Since that night at the dinner table, when I first lashed out at him (which I later learned was because of an emotional flashback going on in the deep recesses of my mind!), I’m finally able to approach any remnants of past traumas with the deepest compassion for myself - largely in part to this wonderful human being I’m blessed to call my sweetheart - because instead of judging me and attacking back, which I was used to most of my life, he simply says:
“Don’t worry baby, it’s the trauma talking.”
And that’s the gift I’m passing onto you today, Dearest Reader!

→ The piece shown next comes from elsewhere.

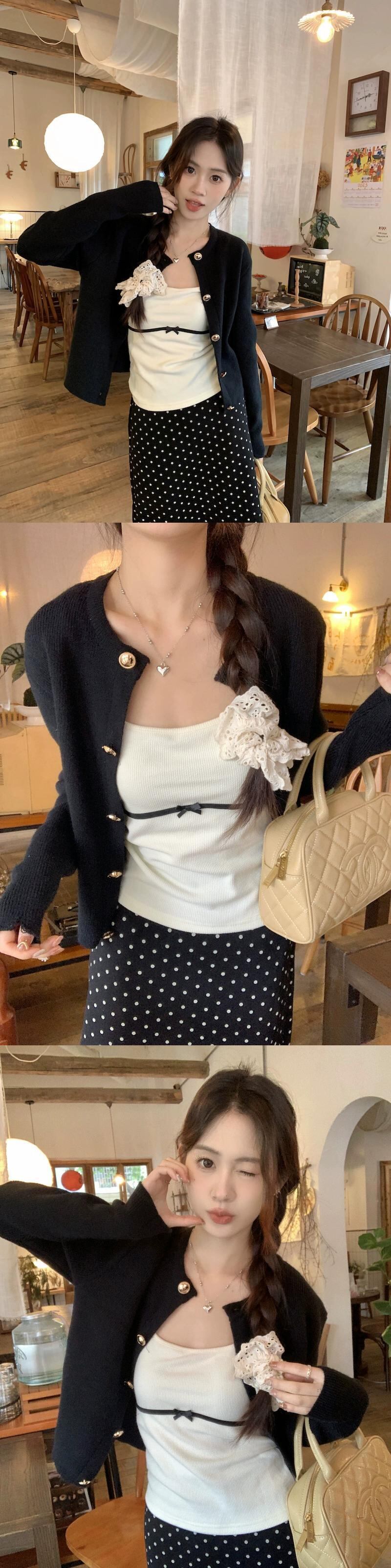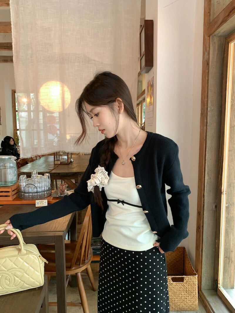 スタイルスモールスタイルスーツレディース、ショートニットジャケット内側ベスト付き、早春水玉Aラインスカート3点セット スプリング 春物 0921987373120262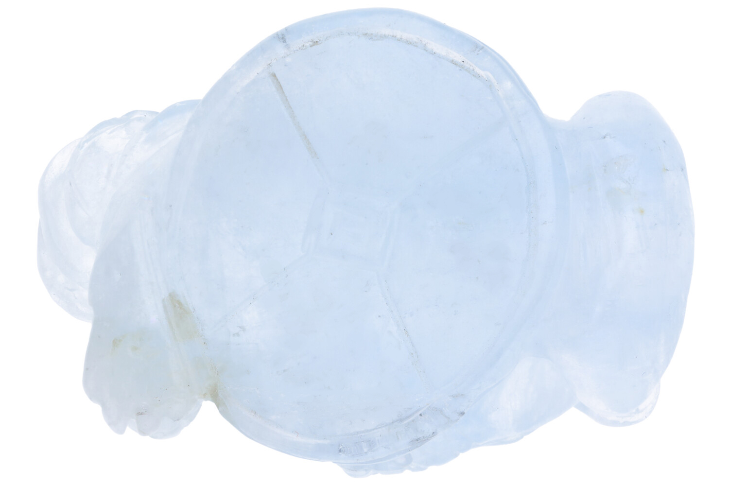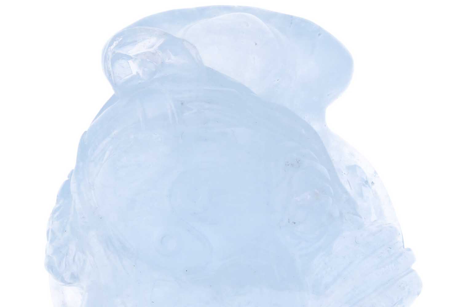 Liebevolle Gravur einer Feng Shui-Kröte aus Aquamarin. Die 3-beinige Kröte symbolisiert im chinesischen Buddismus Reichtum und Geldsegen und hat im Nacken eine Yin und Yang-Gravur. Dieser auch Money Frog oder Lucky Toad genannte Glücksbringer soll der Haustüre zugewandt aufgestelt werden um das Geld einzufangen und herunter zu schlucken. Dieses detailliert gravierte Exemplar sitzt auf einer Glücksmünze und hält eine weitere im Maul. Auch hinter seinem rechten Vorder- und seinem hinteren dritten Bein ist je ein Stapel mit drei Feng Shui-Münzen zu sehen. Vor seinem Kopf steht ein schalenförmiger Tael. Ein ganz besonderes Kunstwerk aus diesem begehrten hellblauen Edelstein. Einige kleine graugrüne Muskovit-Kristalle sind im Rücken der Kröte zu erkennen.

When your protection mode kicks in, because of your past trauma, and you start lashing out at someone you love, then feel horrible, tell yourself this.
It’s the trauma talking.
I’m not in any way saying that this is a free ticket to lash out or abuse people, not by any means. We still need to own our reactions, while we are living in a body and mind that still has unresolved trauma coursing through it - but we get to apologize quickly, then move forward in a loving way, first toward ourselves, then toward others.
I hope these four words change everything for you, as they did me.